This project it's about performing a lane detection using a combination of filters (Computer Vision) in order to detect the lanes in an arbitrary image. I know machine learning its more precise, but takes a lot of time in order to produce results, moreover, needs big datasets.
For a more detailed explanation of how the algorithm it's implemented you can visit Lane detection with Computer Vision in Python
- OpenCV
- Numpy
- SciPy
This work it's based on the paper[2], in the original paper they used a Sobel filter in order to obtain the straight lines in the images. What I use in this work is a Laplacian filter with an auxiliary step with Gaussian filter.
Algorithm Workflow
How it works the algorithm
Original Image
We start with an arbitrary input image.
Original Image
Grey Blurred Image
We standardize the size in order to make easy the next transformations, with this
image we transform it from RGB to Gray ([n,n,3] -> [n,n,1] space transformation).

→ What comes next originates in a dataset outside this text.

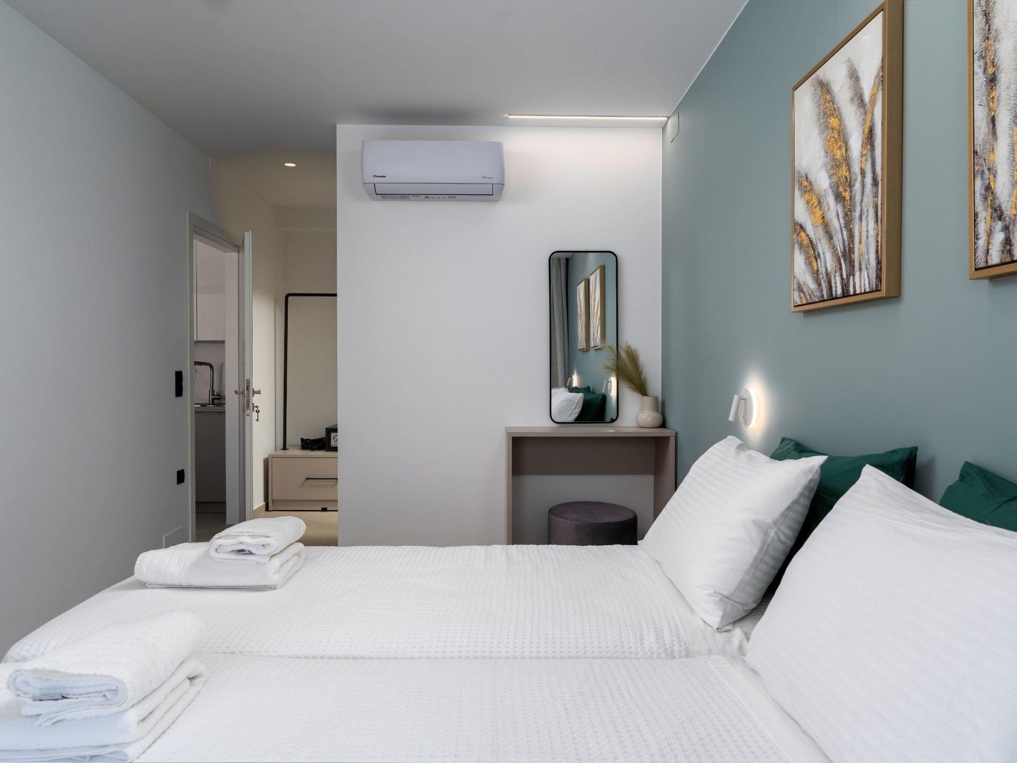 Upstairs, the master bedroom offers a double bed, a private balcony with sea views, an ensuite bathroom, and a satellite TV. The second bedroom has twin beds, its own ensuite, and satellite TV, making it ideal for friends or children. Additionally, foldable beds provide flexibility for larger groups or families.

Next we denoise the image with the Gaussian filter. To make easy the search of the
lanes we need to perform a Bird Eye transformation, see [2].
Gaussian Filtered Image
Bird's Eye perspective transformation
Laplace Filter
We apply a Laplacian filter to find the vertical lines.
Laplacian filter applied.
HSL Threshold We threshold the image in HSL space with the L channel (Luminance) to select the white/yellow regions (lane marks). The HSL transformation its performed from the original RGB image.
RGB Perspective transformation
HSL Thresholding with the L channel.
Sliding Window Searching
We combine the masks previously obtained to make the final mask, this final mask is
going to be analyzed in order to find the continuous lines in the image and draw our lane.
Sliding window searching
Drawed Lane
Once we found the lines, it's time to apply draw this figure in the original image,
to do this we need to perform the inverse Perspective transformation.
Final Result
This algorithm shows a well performance under good light conditions, but is awful with other images, this solution is worst than Machine Learning techniques, but need too much less resources, and it's easier to implement. I think it worth the lack of accuracy under certain scenarios.
[1] H. Singh, Practical Machine Learning and Image Processing: For Facial Recognition, Object Detection, and Pattern Recognition Using Python. Berkeley, CA: Apress, 2019 [Online]. Disponible en: http://link.springer.com/10.1007/978-1-4842-4149-3. [Accedido: 23-ene-2021]
[2] K. Dinakaran, A. Stephen Sagayaraj, S. K. Kabilesh, T. Mani, A. Anandkumar, y G. Chandrasekaran, «Advanced lane detection technique for structural highway based on computer vision algorithm», Materials Today: Proceedings, p. S2214785320373302, oct. 2020, doi: 10.1016/j.matpr.2020.09.605.